Information provided:
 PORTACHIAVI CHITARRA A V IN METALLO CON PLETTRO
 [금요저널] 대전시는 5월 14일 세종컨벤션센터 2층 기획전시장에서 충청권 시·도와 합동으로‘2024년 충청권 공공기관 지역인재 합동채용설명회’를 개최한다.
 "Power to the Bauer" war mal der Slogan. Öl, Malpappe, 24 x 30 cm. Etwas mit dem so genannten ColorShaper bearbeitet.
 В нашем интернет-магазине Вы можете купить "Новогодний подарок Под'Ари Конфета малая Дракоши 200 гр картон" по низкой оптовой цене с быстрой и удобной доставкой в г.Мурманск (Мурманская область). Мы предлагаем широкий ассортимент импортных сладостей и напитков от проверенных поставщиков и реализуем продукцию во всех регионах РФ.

Activity: Look for the line that contains "genannten ColorShaper bearbeitet." in the listing above. Set down that line and each line after it, ending with the last one.

Result of the task:
 "Power to the Bauer" war mal der Slogan. Öl, Malpappe, 24 x 30 cm. Etwas mit dem so genannten ColorShaper bearbeitet.
 В нашем интернет-магазине Вы можете купить "Новогодний подарок Под'Ари Конфета малая Дракоши 200 гр картон" по низкой оптовой цене с быстрой и удобной доставкой в г.Мурманск (Мурманская область). Мы предлагаем широкий ассортимент импортных сладостей и напитков от проверенных поставщиков и реализуем продукцию во всех регионах РФ.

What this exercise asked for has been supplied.